Why Facebook becoming new Yahoo? - akarambir
https://plus.google.com/113117251731252114390/posts/cmrXCip3uhu

======
rjd
TBH I thought Facebook was innovating like hell, rebuilding itself into a
communication platform instead of a social network.

From what I've seen working on a major news site they are destroying Google in
referral traffic. Seems to me they know what they are doing, and its no
accident they are in the number one place.

He's totally correct about them copying Google+ features, but thats just
reaction to a threat, all companies do this when a competitor comes alone. Its
nothing more than an attempt to undervalue.

He's also wrong about the noise controls on Facebook. They work well, they
monitor interest to those who follow you, and if theres interest the post gets
promoted. If its not getting promoted, chances are that it didn't get initial
traction.

Plus the audiences are completely different, I don't have a single tech
orientated thing on Facebook. Just music, the arts, TV shows, stuff I do to
relax and have fun.

I don't expect to see Scoble articles on my Facebook, I expect to see them in
my special curated RSS feeds which I read when I work.
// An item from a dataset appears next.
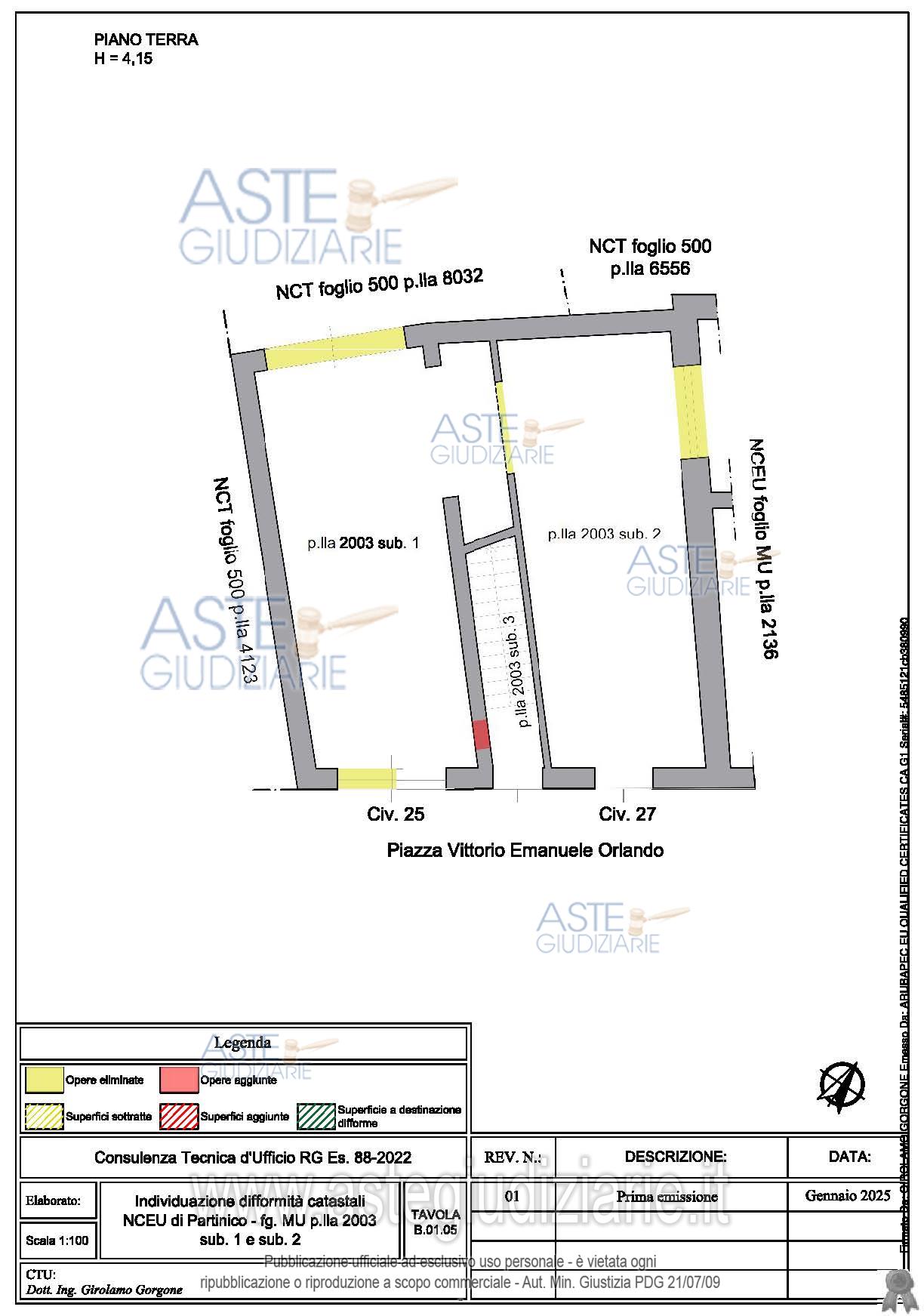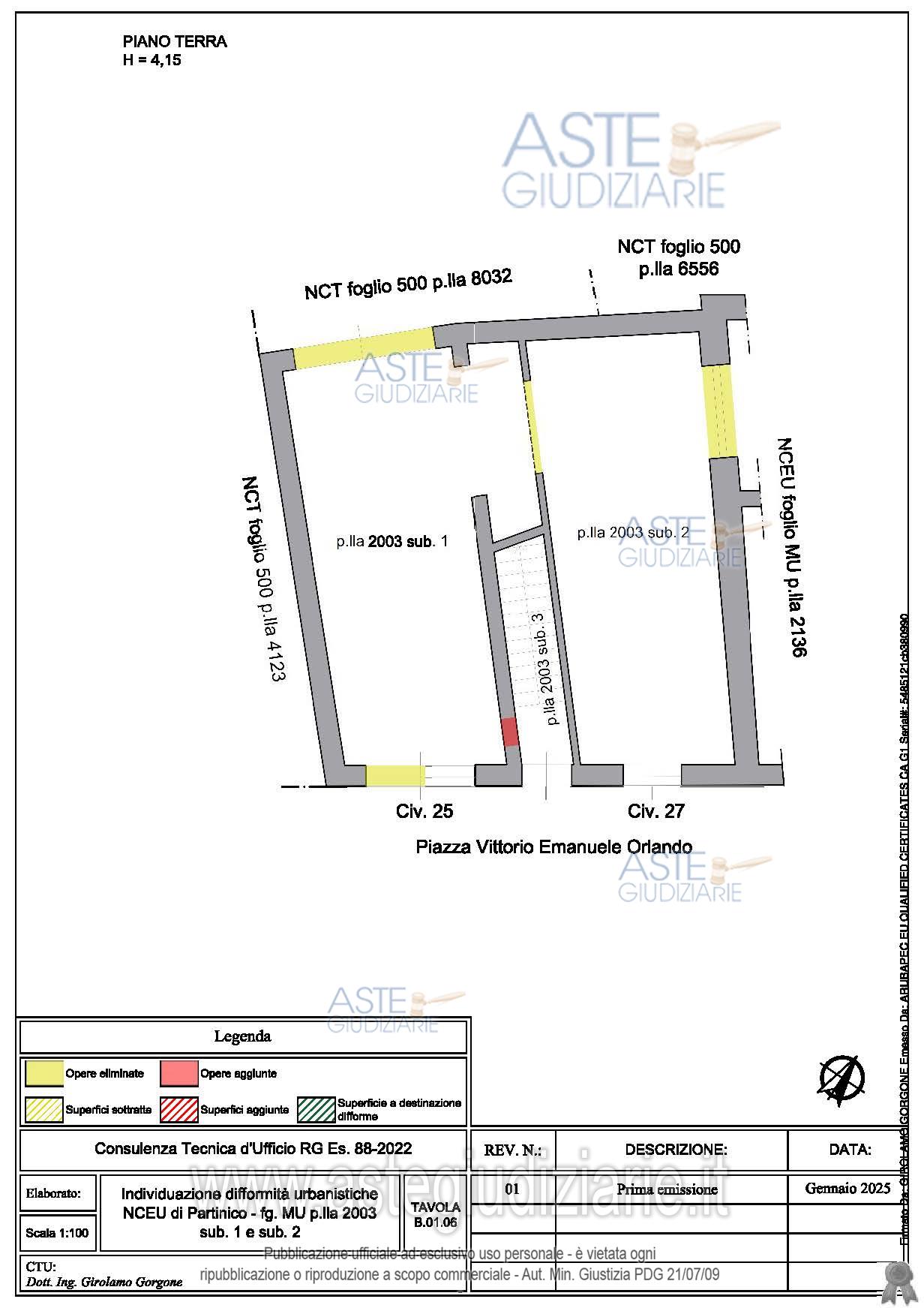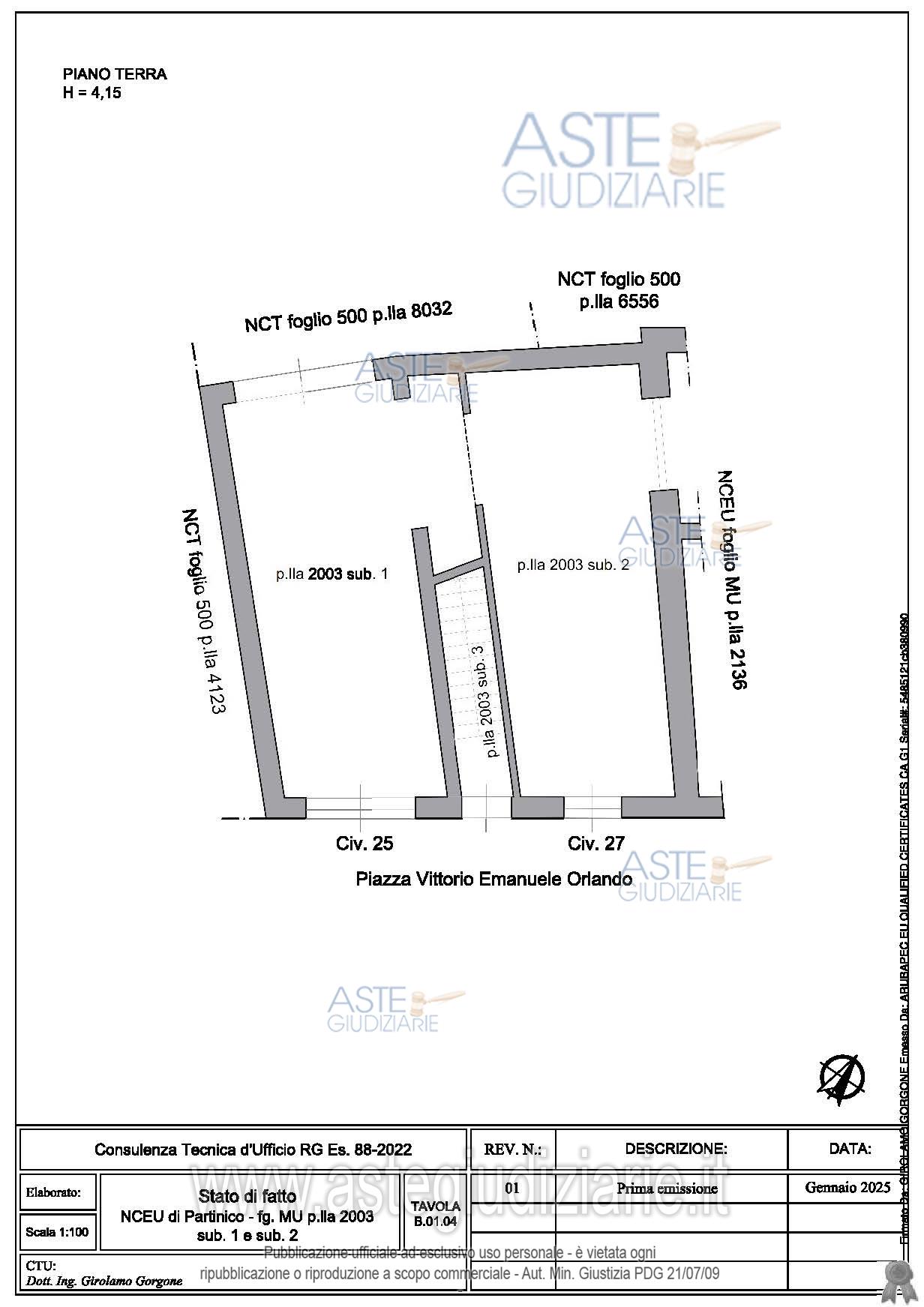 Vendita all'asta Senza incanto, con gara telematica sincrona mista - LOTTO 2: Piena proprietà di due negozi siti in Partinico, Piazza Vittorio Emanuele Orlando ai civici n.25/27, piano terra, identificati all’N.C.E.U. di detto Comune al fg MU, part. 2003 sub 1, cat C/1, Cl 4, Cons.41 m2, Sup. Cat. tot: 49 m2 e? sub 2, cat C/1, Cl 5, Cons 38 m2, Sup. Cat. tot: 45 m2. L’immobile si presenta inagibile, inutilizzabile allo stato attuale, nella parte posteriore presenta i segni delle macerie che hanno interessato i solai sovrastanti. Prezzo base € 56.585,80 (offerta minima € 42.439,25). Data vendita 21/11/2025 ore 09:30. Giudice Valentina Imperiale. Professionista delegato alla vendita Avv. Alessandro Mineo - Email "alessandro.mineo@libero.it"; Cell. 3388659800; Tel. 0916497440. Custode Giudiziario Avv. Alessandro Mineo - Email "alessandro.mineo@libero.it"; Cell. 3388659800; Tel. 0916497440. Rif. Tribunale di Palermo - Esecuzione immobiliare post legge 80 n. 88/2022

Maybe I'm weird not
wanting to mix pleasure and work, but I kind of think it would be the norm.

Google+ is in a heavy nose dive, except for a few demagogue like figures, and
a very tech orientated control prone to idolisation of said people. I haven't
noticed an inch of innovation on it at all, so this guys entire article seems
like an agenda push, rather than actual analysis or reporting. I've never
followed this guy before, but he's definitely devalued my opinion of him and
gone onto "talk with a grain of salt" list for that piece.

I guess this guy is his little attention bubble and blind to fact that Google+
is a joke to everyone else, is being lampooned very hard on other social
websites. This one from Reddit had me laughing the other day
<http://i.imgur.com/XNkyT.png>

------
Ashoat
Honestly, I'm failing to see how G+ is a "creature of vision". Sure, it has a
couple new and unique features - circles, chat, etc. But most of it is a
direct copy of Facebook! Profile and feed are two examples where Facebook has
innovated to establish itself as a strong identity provider, and G+ blatantly
copied those features.

I'm not blaming Google for doing that. In fact, were I in their position I
would be doing the exact same thing. But it's silly to claim that Facebook
doesn't innovate. I'm not sure if people are just so used to ideas like the
News Feed that they don't see it, but a couple years ago Facebook created that
feature and it led to an explosion of social communication on their site.

It's also worth pointing out that Facebook's mission statement is "to make the
world more open and connected". If you look at their products from that
perspective, I think they start more like "Win!" and less like "Fail!"

------
nod
I think the author goes wrong here: "I think we can all agree that tech
companies can be slotted into the following [4] categories"

This opinion does not reflect reality - it seeks to take a messy
multidimensional spectrum and collapse it into a nice tidy bundle that can
provide a self-satisfying mental model and throw off look-at-me-I'm-so-wise
sound-bites.

This is the failure of punditry, and this is why reading this article (and
parsing out its underlying assumptions) is not worth your time.

------
protomyth
I think Microsoft has vision, it's just more in terms of the customer via one
product (Windows). Their vision is to own the market and do what is needed to
get there. It does help that they have some amazing people working there. It
would help more if they could trim the turf-protecting management down.